**ABOUT THIS TASK:**
Repeat all entries word for word; skip images.

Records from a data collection
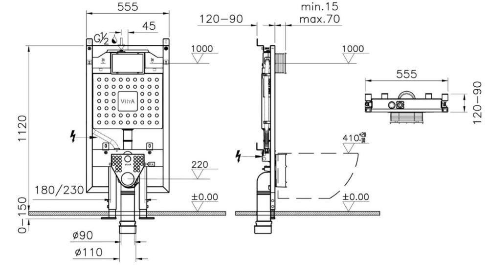 - Усиленная Механическая Инсталляция VitrA Professional для установки за гипсокартонной перегородкой и перед капитальной стеной.
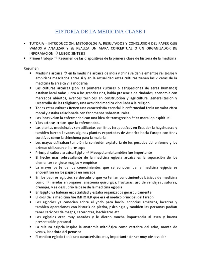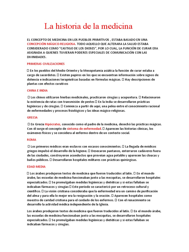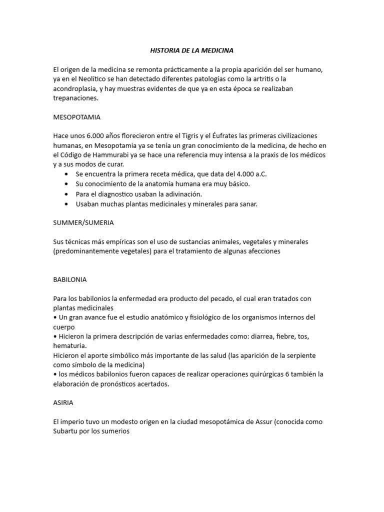 SOLUTION: Resumen completo de la historia de la medicina - Studypool
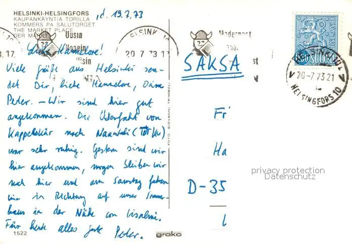 Helsinki Markt Helsinki postalisch gelaufen 1973 Erhaltung siehe scans [WerneD78] WernPID7
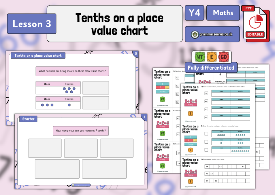 In this lesson, children build on their understanding of tenths. They learn how to read and represent ones and tenths on a place value grid. There is a teaching presentation accompanied by differentiated activities with a range of fluency, reasoning and problem-solving questions.
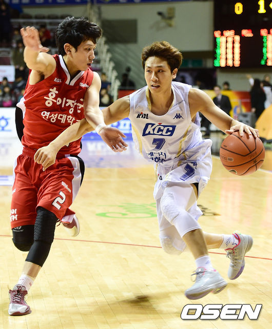 1쿼터, KCC 김태술이 KGC 김기윤 수비를 돌파하고 있다.
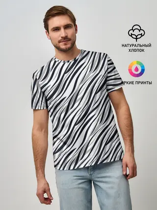 Мужская базовая футболка / Черно-белый полосатый тигровый
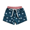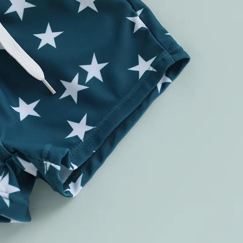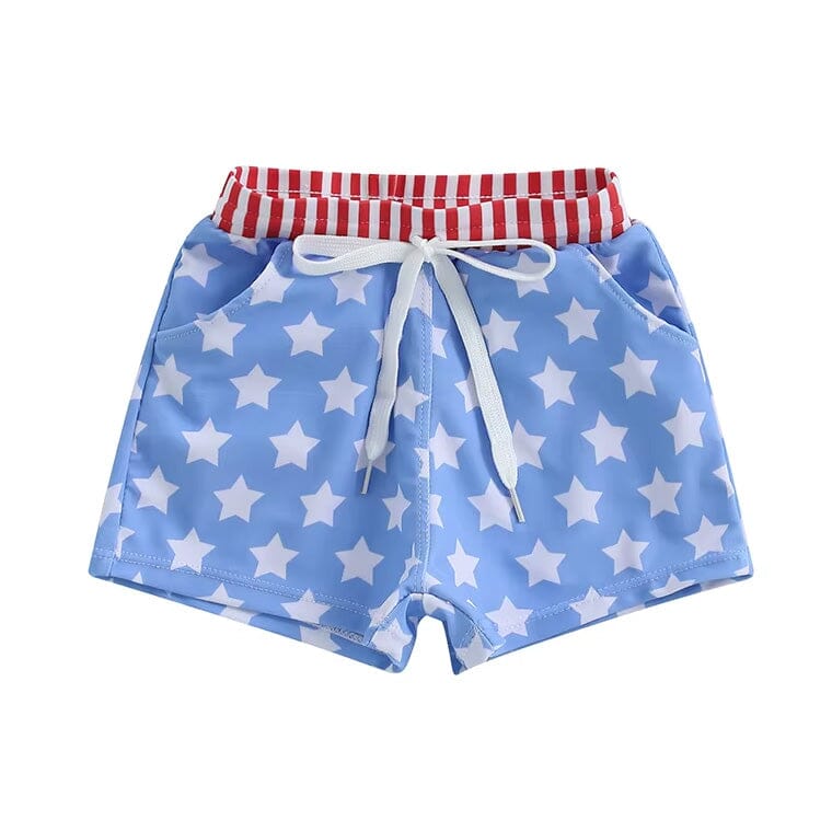 Get your little one ready for star-spangled summer fun with these patriotic toddler boy beach shorts. Featuring a bold star print and a red-and-white striped waistband, they’re perfect for celebrating the 4th of July in style. Available in two fun color options—light blue and navy—these shorts are made for comfort and play. Ideal for beach days, backyard BBQs, or festive parades!

**FINAL ANSWER:**
 - Усиленная Механическая Инсталляция VitrA Professional для установки за гипсокартонной перегородкой и перед капитальной стеной.
 SOLUTION: Resumen completo de la historia de la medicina - Studypool
 Helsinki Markt Helsinki postalisch gelaufen 1973 Erhaltung siehe scans [WerneD78] WernPID7
 In this lesson, children build on their understanding of tenths. They learn how to read and represent ones and tenths on a place value grid. There is a teaching presentation accompanied by differentiated activities with a range of fluency, reasoning and problem-solving questions.
 1쿼터, KCC 김태술이 KGC 김기윤 수비를 돌파하고 있다.
 Мужская базовая футболка / Черно-белый полосатый тигровый
 Get your little one ready for star-spangled summer fun with these patriotic toddler boy beach shorts. Featuring a bold star print and a red-and-white striped waistband, they’re perfect for celebrating the 4th of July in style. Available in two fun color options—light blue and navy—these shorts are made for comfort and play. Ideal for beach days, backyard BBQs, or festive parades!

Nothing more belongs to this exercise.